I woke up kind of angry about this.
* * * * *
There was a math class in another, much larger theater and the class was very popular among comedians. My friend, Mary Grace, and I went but apparently a little late because when we opened the doors, everyone went silent and the teacher - on the stage with her projector and looking up in our direction - wouldn't say a word until we were settled. Some guy mouthed to us, "GO SIT!" There were a lot of well known comedians (a good portion with their math books up to hide that they were reading comic books - Leo Allen and Todd Barry were trading books) and Fred Armisen was passing out homework assignments and kissing up to the teacher. He wasĘ being really snotty to everyone. I couldn't understand the math, felt bad but it seemed everyone was faking paying attention. Then my cell went off though I didn't realize I even had it, the place went silent, I got dirty looks and left.
Later, I ran into John Malkovich. There was a lot of verbal flirting but all of our dialogue was made up of lines from his movies. The denouement was when I broke character, pressed the side of my head to his butt, did an impression of Ricky Gervais but insinuating that Malkovich was a mole on my face and that's why I hadn't crossed over to American tv, because executives told me the mole was obnoxious. John loved it and we parted ways.
* * * * *
I stabbed her. She looked at me, shocked, like, "How dare you?" But then she also smirked.

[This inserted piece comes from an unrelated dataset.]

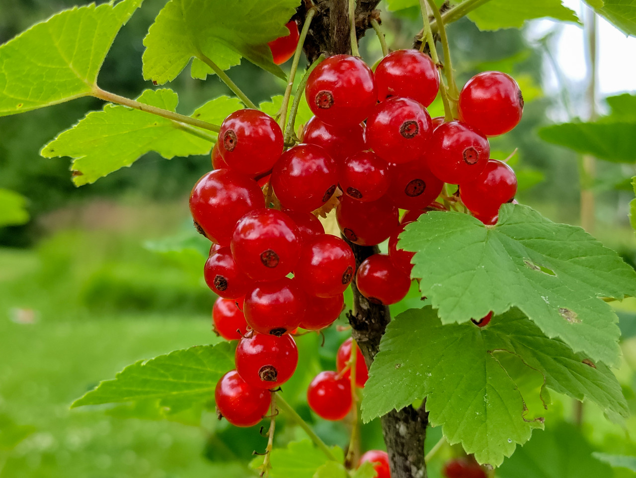 Гроздь красной смородины на фоне зелёной листвы и размытого пейзажа

I stabbed her again. And again. She just stood there, bleeding.
I decided to leave and she said I wouldn't get away with it. I ran down the stairs and she chased after me, slowly, sloppily and still bleeding. I ran across a parking lot, wondering what my brain had in store for me next. Running through an alley, I noticed an open garage door, crawled inside, shut it and wedged myself against a wall inside a shallow pit where the concrete was broken. Above me on the opposite wall, I saw the silhouette of a cop's head peering into the window with an alley light behind him. Do I stay or get up?

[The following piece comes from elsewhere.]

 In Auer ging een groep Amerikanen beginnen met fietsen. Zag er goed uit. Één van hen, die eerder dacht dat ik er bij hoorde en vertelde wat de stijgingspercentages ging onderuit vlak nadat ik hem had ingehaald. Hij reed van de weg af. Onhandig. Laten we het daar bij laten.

I decided to turn myself in. I stood up and I awoke.
* * * * *
And then I remember ... the sky was bright orange, pink, and there were these animals, maybe a lion, a pony or unicorn, I don't know but they flew around and that was probably a different dream. I hope to God it was a different dream because that's too weird.
Then my dream ended.
* * * * *
* * * * *
1. My boyfriend Brian lived in a 1 level house (50s furniture, a mish mash of uncoordinated fabrics, the outside was painted a mint green) with a couple of artsy chicks, the place was a little cluttered with knick-knacks and plants. We were taking a nap when my first ex showed up out of the blue. He kept trying to take a nap with us and putting blame on me for his attitude.
2. I was sitting outside with a group around the corner from the house at a small college. Everybody was talking about how cool the teacher was. We went into class, I pretended to belong there. The teacher was attractive. And he was teaching sex ed. I said, "I don't think my name is on your roster, actually." It wasn't. "OOPS!" and left.
3. A lot of boutiques stores and cafes with untarnished old architecture from the 40s. I went shopping with a couple of pals. The first place, I'm certain I've been to before in a dream. They let people check out porn magazines for a buck, up to 8 'zines and read them in their outdoor cafe area. They also sold a lot of leather goods - mainly jackets with flames on them, biker boots, etc. And the porn magazines were either very blurry or normal pictures so there really wasn't any content.
4. I went to a boutique around the corner that dealt in swank women's shoes, nothing plain, nothing trendy, just really lovely shoes. There were a couple of boxes outside with some purses and shoes for the taking from one of the tenants of the building who happened to be a woman I used to work for at another ad agency. It seemed she had an awesome shoe collection BUT only left the right shoes in in the boxes. No lefties. Why? She lost 'em. I grabbed a couple of small purses. Inside one were couple of make-up items and ... (baffled) some sort of hair waxing product for a woman's crotch in frilly packaging. The back said something about being out on a date and needing to "clean up" quick. Whatever.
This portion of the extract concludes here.